[Supplied data Boundary: Start]
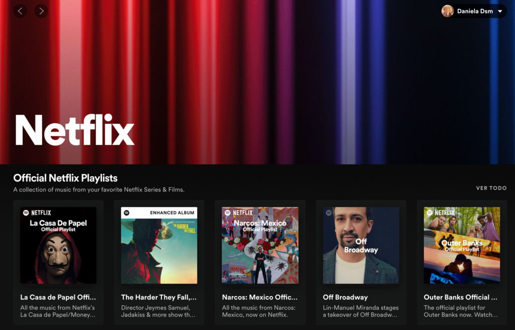 El servicio de transmisión de música Spotify lanzó un Netflix Hub , lo que facilita a los usuarios el acceso a las bandas sonoras y listas de reproducción oficiales de varios programas populares de Netflix en su plataforma.
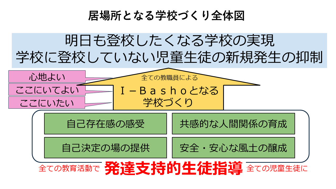 求められています。全ての児童生徒にとって「居場所となる学校づくり」を進めることが大切です。
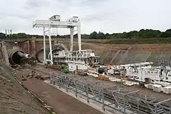 The Finne Tunnel was structurally complete in the spring of 2012. The earthworks of the 30 km (19 mi) long section in the Thuringian basin was completed in June 2012. The construction site was connected via a construction track to the Erfurt node, so that the installation of the slab track, the catenary, the electrical engineering and the train control and protection systems could be started in this section.[75] The Saale-Elster Viaduct and Osterberg Tunnel were completed by 2012.
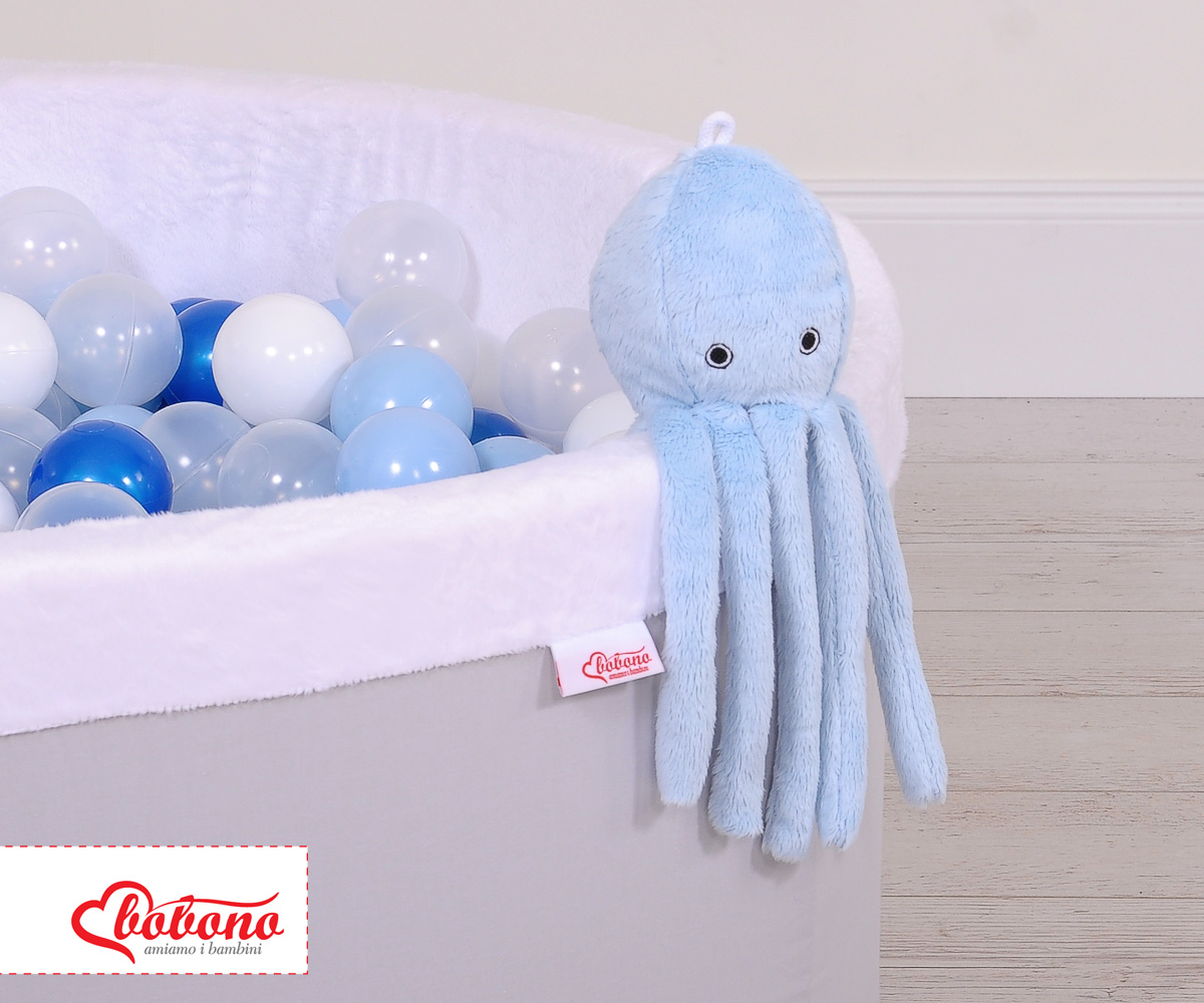 Deze leuke, knuffelige octopus is perfect voor elke baby, om te slapen en te knuffelen. De armen van de octopus zijn comfortabel vast te houden door kleine babyhandjes. De octopus is perfect veilig voor baby's vanaf de geboorte. Met een zacht rammelend geluid trekt het de aandacht van de baby. Gemaakt van zacht aanvoelend, donzig minky fleece. De vulling van het kussen bestaat uit Eco Fillball-gecertificeerde Siliconeballetjes - "kunstmatige dons" voor kussens - de vulling zorgt voor een goede luchtcirculatie en lighouding voor de baby.
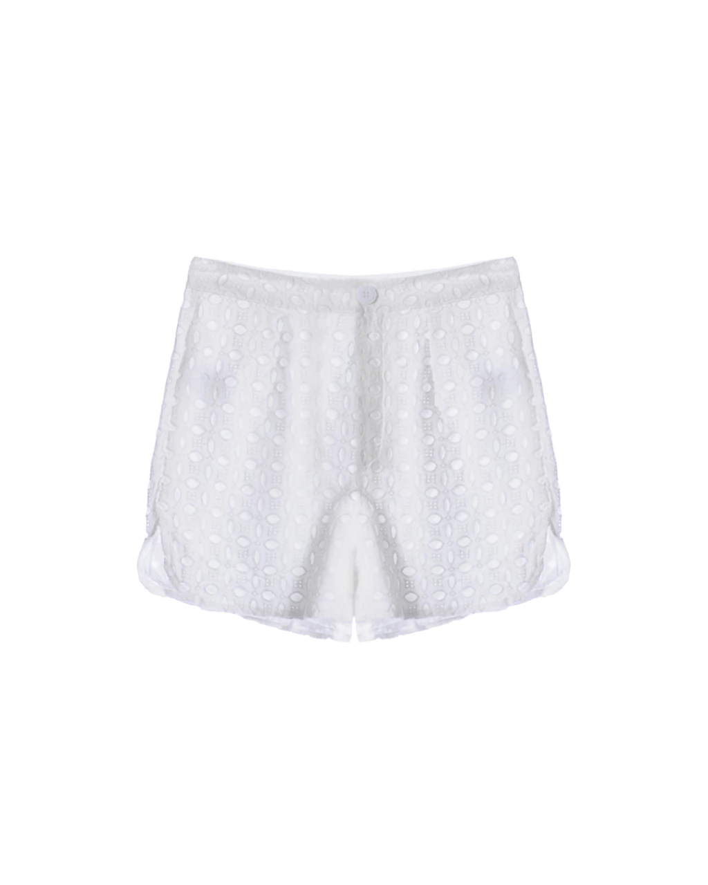 Conjunto delicado en broderie que resalta por su aire artesanal. Una opción fresca y romántica para noches elegantes.
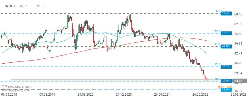 انخفض سهم Intel (INTC.US) بأكثر من 60.0٪ من أعلى مستوى له في عام 2020 عند 69.45 دولارًا ويختبر حاليًا الدعم الرئيسي عند 25.00 دولارًا ، والذي يتزامن مع تصحيح فيبوناتشي 78.6٪ للحركة الصعودية التي تم إطلاقها في عام 2008. في حالة حدوث كسر منخفض ، فإن الهدف التالي لـ يقع البائعون حول أدنى مستويات عام 2012 عند 19.00 دولارًا. المصدر: xStation5
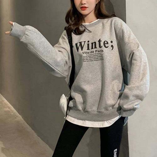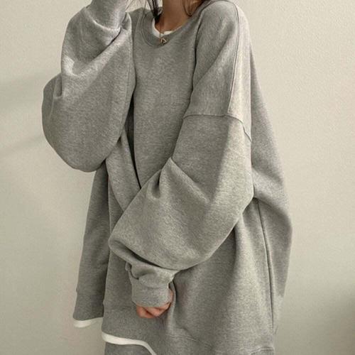 [셀럽하우스]Winte GYCN3302 레이어드 루즈핏 여성 여자 그레이 기모 맨투맨
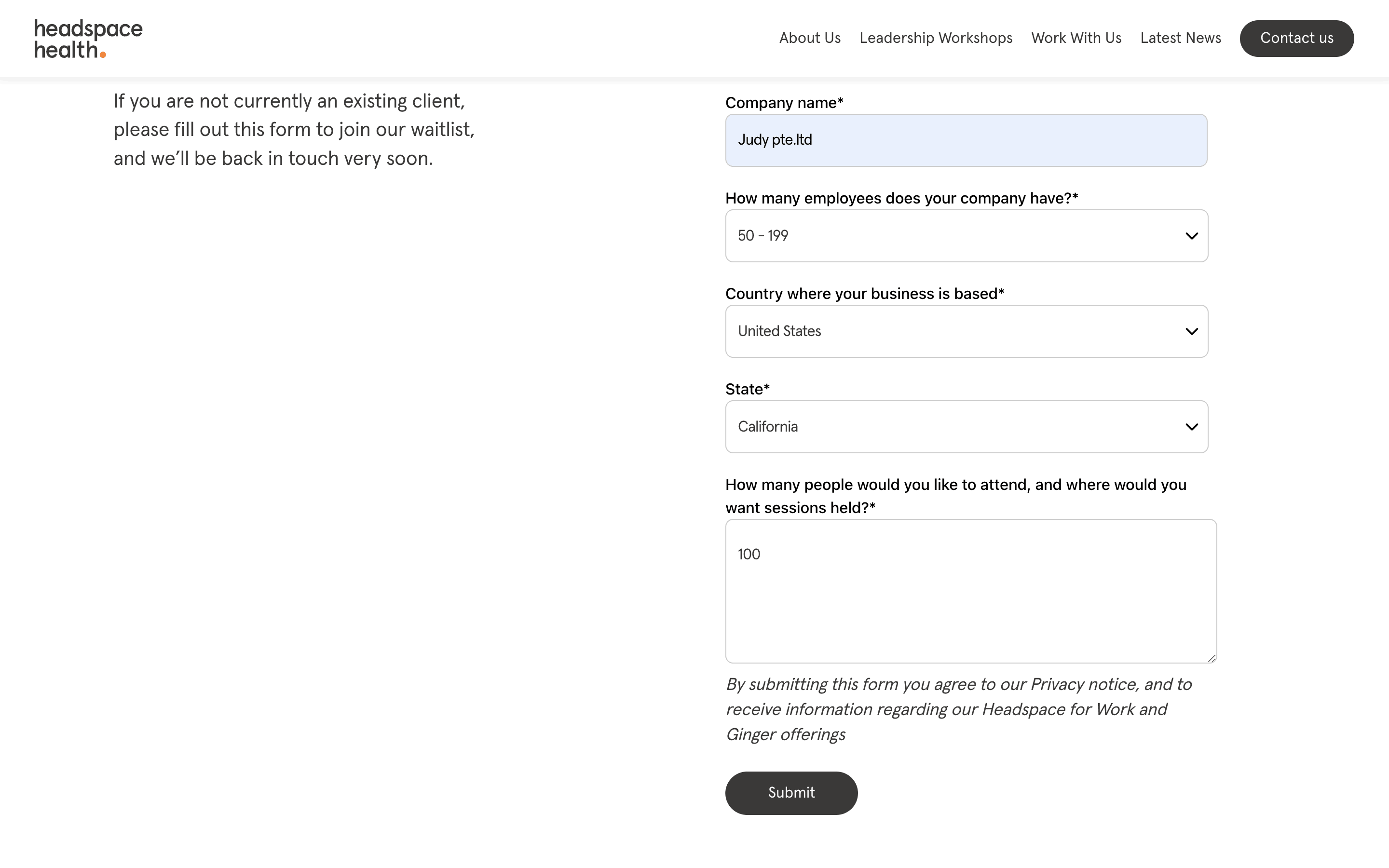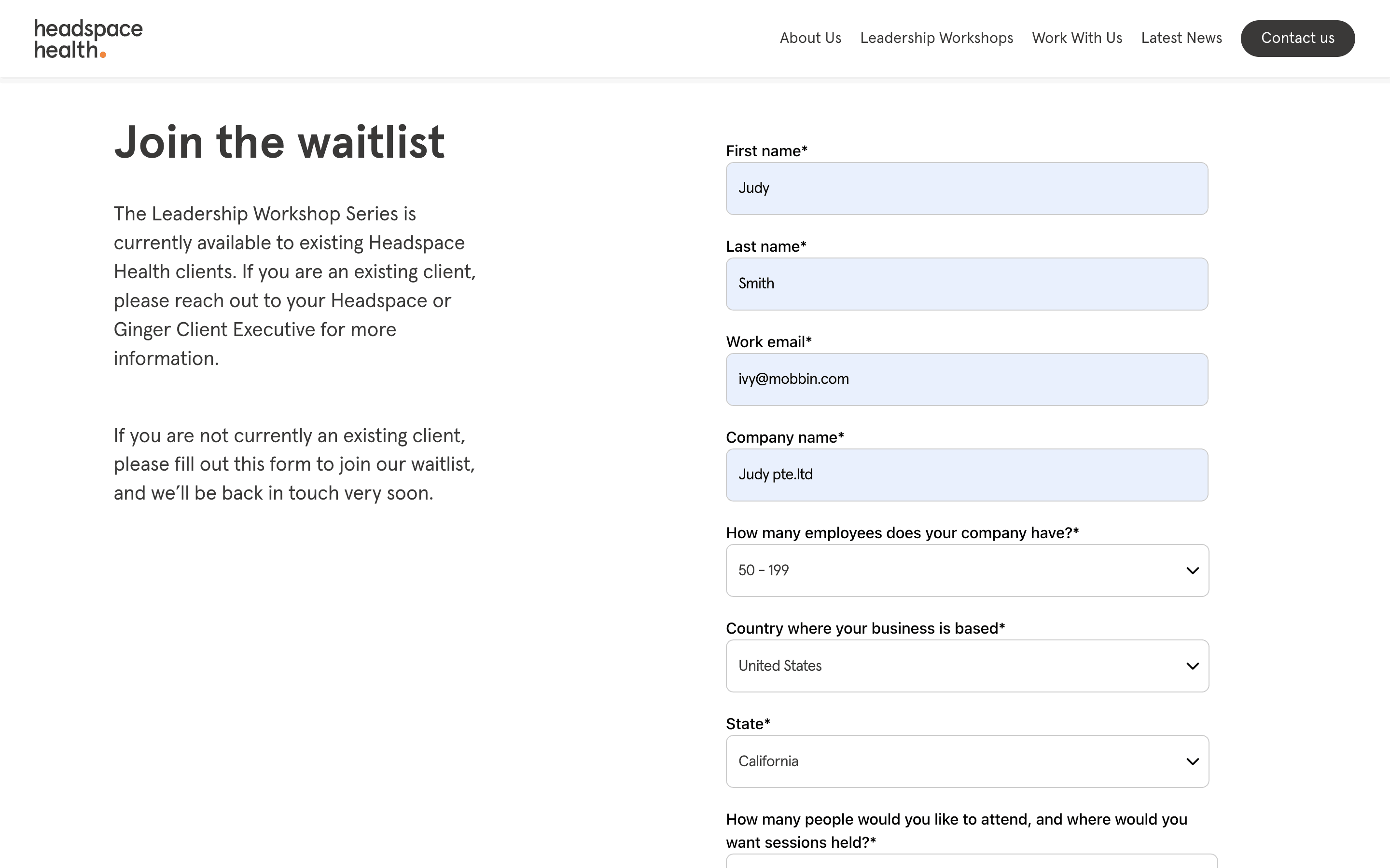 The user navigates from a landing page to a waitlist form, fills it out, submits it, and receives a confirmation message. The goal is to join the waitlist.
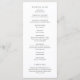Programme de mariage blanc classique avec "bienvenue" dans un script délicat. Utilisez le modèle pour ajouter facilement votre ordre de cérémonie au devant et à votre fête de mariage et un message de remerciement au dos. Une disposition simple sans aucun graphisme en fait un design élégant et intemporel, parfait pour un mariage formel.
[Supplied data Boundary: End]
Work request => Give the records back exactly. Leave the pictures out.

Exercise solution =>
 El servicio de transmisión de música Spotify lanzó un Netflix Hub , lo que facilita a los usuarios el acceso a las bandas sonoras y listas de reproducción oficiales de varios programas populares de Netflix en su plataforma.
 求められています。全ての児童生徒にとって「居場所となる学校づくり」を進めることが大切です。
 The Finne Tunnel was structurally complete in the spring of 2012. The earthworks of the 30 km (19 mi) long section in the Thuringian basin was completed in June 2012. The construction site was connected via a construction track to the Erfurt node, so that the installation of the slab track, the catenary, the electrical engineering and the train control and protection systems could be started in this section.[75] The Saale-Elster Viaduct and Osterberg Tunnel were completed by 2012.
 Deze leuke, knuffelige octopus is perfect voor elke baby, om te slapen en te knuffelen. De armen van de octopus zijn comfortabel vast te houden door kleine babyhandjes. De octopus is perfect veilig voor baby's vanaf de geboorte. Met een zacht rammelend geluid trekt het de aandacht van de baby. Gemaakt van zacht aanvoelend, donzig minky fleece. De vulling van het kussen bestaat uit Eco Fillball-gecertificeerde Siliconeballetjes - "kunstmatige dons" voor kussens - de vulling zorgt voor een goede luchtcirculatie en lighouding voor de baby.
 Conjunto delicado en broderie que resalta por su aire artesanal. Una opción fresca y romántica para noches elegantes.
 انخفض سهم Intel (INTC.US) بأكثر من 60.0٪ من أعلى مستوى له في عام 2020 عند 69.45 دولارًا ويختبر حاليًا الدعم الرئيسي عند 25.00 دولارًا ، والذي يتزامن مع تصحيح فيبوناتشي 78.6٪ للحركة الصعودية التي تم إطلاقها في عام 2008. في حالة حدوث كسر منخفض ، فإن الهدف التالي لـ يقع البائعون حول أدنى مستويات عام 2012 عند 19.00 دولارًا. المصدر: xStation5
 [셀럽하우스]Winte GYCN3302 레이어드 루즈핏 여성 여자 그레이 기모 맨투맨
 The user navigates from a landing page to a waitlist form, fills it out, submits it, and receives a confirmation message. The goal is to join the waitlist.
Programme de mariage blanc classique avec "bienvenue" dans un script délicat. Utilisez le modèle pour ajouter facilement votre ordre de cérémonie au devant et à votre fête de mariage et un message de remerciement au dos. Une disposition simple sans aucun graphisme en fait un design élégant et intemporel, parfait pour un mariage formel.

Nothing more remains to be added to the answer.